A high-profile copyright lawsuit involving several popular Chinese writers and electronics giant Apple is still hanging in doubt despite a Beijing court giving an initial verdict on Thursday.
The Beijing No. 2 Intermediate People's Court on Thursday ruled that Apple should stop copyright infringement and pay eight Chinese writers a total of 412,000 yuan (US$66,000) in compensation.
The Beijing No. 2 Intermediate People's Court ruled that Apple should stop copyright infringement and pay eight Chinese writers a total of 412,000 yuan (US$66,000) in compensation.
The eight plaintiffs include Murong Xuecun, Li Chengpeng and He Ma, whose books are often on best-seller lists across the country, said Wang Guohua, the writers' lawyer.

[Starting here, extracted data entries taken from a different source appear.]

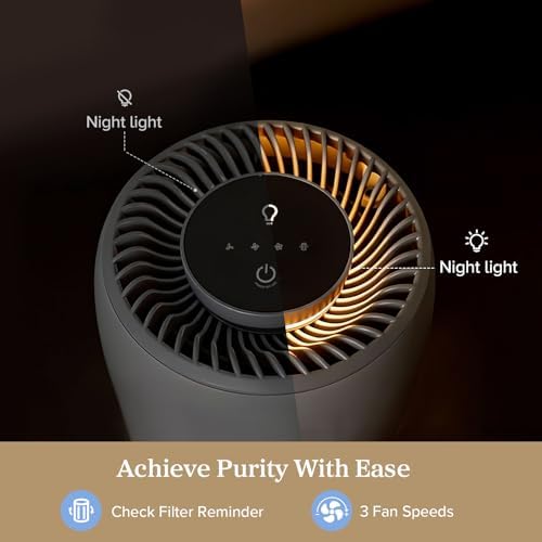 - Portable and versatile: Compact size fits seamlessly on desktops, countertops, or beside your bed for clean air wherever you go.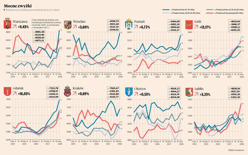 Ceny transakcyjne mieszkań nadal idą w górę. W kwietniu 2018 r. indeks urban.one, przygotowywany przez Cenatorium dla „PB” i Bankier.pl, wyniósł dla dużych miast 97,70 pkt. i był wyższy o 0,87 pkt. niż przed miesiącem. Jeszcze większy wzrost — aż o 2,20 pkt. — zanotowano w porównaniu do kwietnia 2017 r.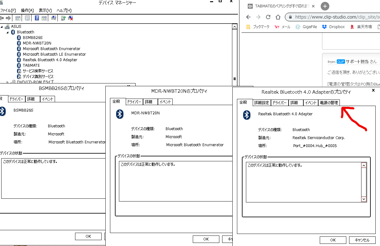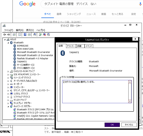 念願のタブメイトを購入したのですが、初日に使えたきりペアリングが切れるようになりました。 今ではずっと青赤ランプがチカチカしたままで接続できません 何度もインスト―ルと削除してみたのですが、ずっとこんな感じです。 (このデバイスは正常に動作していますと出ています)

The eight writers claimed Apple sold their books through its online App Store without authorization, prompting them to appeal to the court at the beginning of this year. The case started on Oct 11.
However, the Writers' Rights Protection Union, an organization representing the eight plaintiffs, said they are not satisfied with the compensation and will appeal to a higher court.

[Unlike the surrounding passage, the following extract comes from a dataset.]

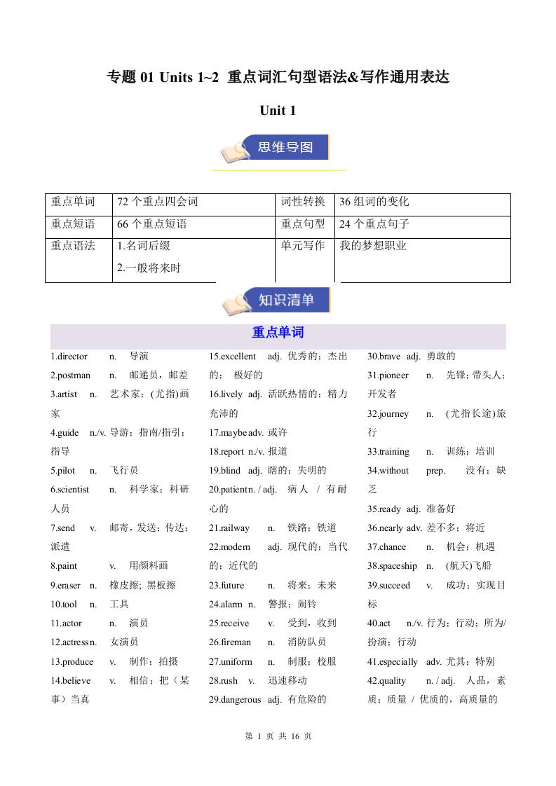 专题01 Units 1~2 重点词汇句型语法&写作通用表达(期末复习知识清单)(背诵版)88

Bei Zhicheng, executive of the union established in July 2011 to safeguard Chinese writers' copyright online, said that the compensation is far below their expectations.
"We asked for about 10 million yuan as compensation for the eight writers as we first claimed in October last year, but now the amount is only about 400,000 yuan," he said. "It seems to 'encourage' Apple to go on with its infringement instead of punishing it, because the compensation won't harm such a big company."
In the verdict, Li Chengpeng and Murong Xuecun, two popular writers, received only about 10,000 yuan each, which is too low to accept, Bei said.
Neither Apple nor its lawyer wanted to comment on the case on Thursday.
Wang said the cost of online copyright infringement is low in China, but the cost for protecting rights is high.
Wang said it is hard for him to collect evidence while handling such cases, as Apple is a foreign company and it is difficult to gather materials about it.
Liu Yinliang, an associate law professor in intellectual property rights at Peking University, said China is expected to see more such cases.
He urged legislators to increase the financial penalties that courts can levy on companies that violate the copyrights of writers.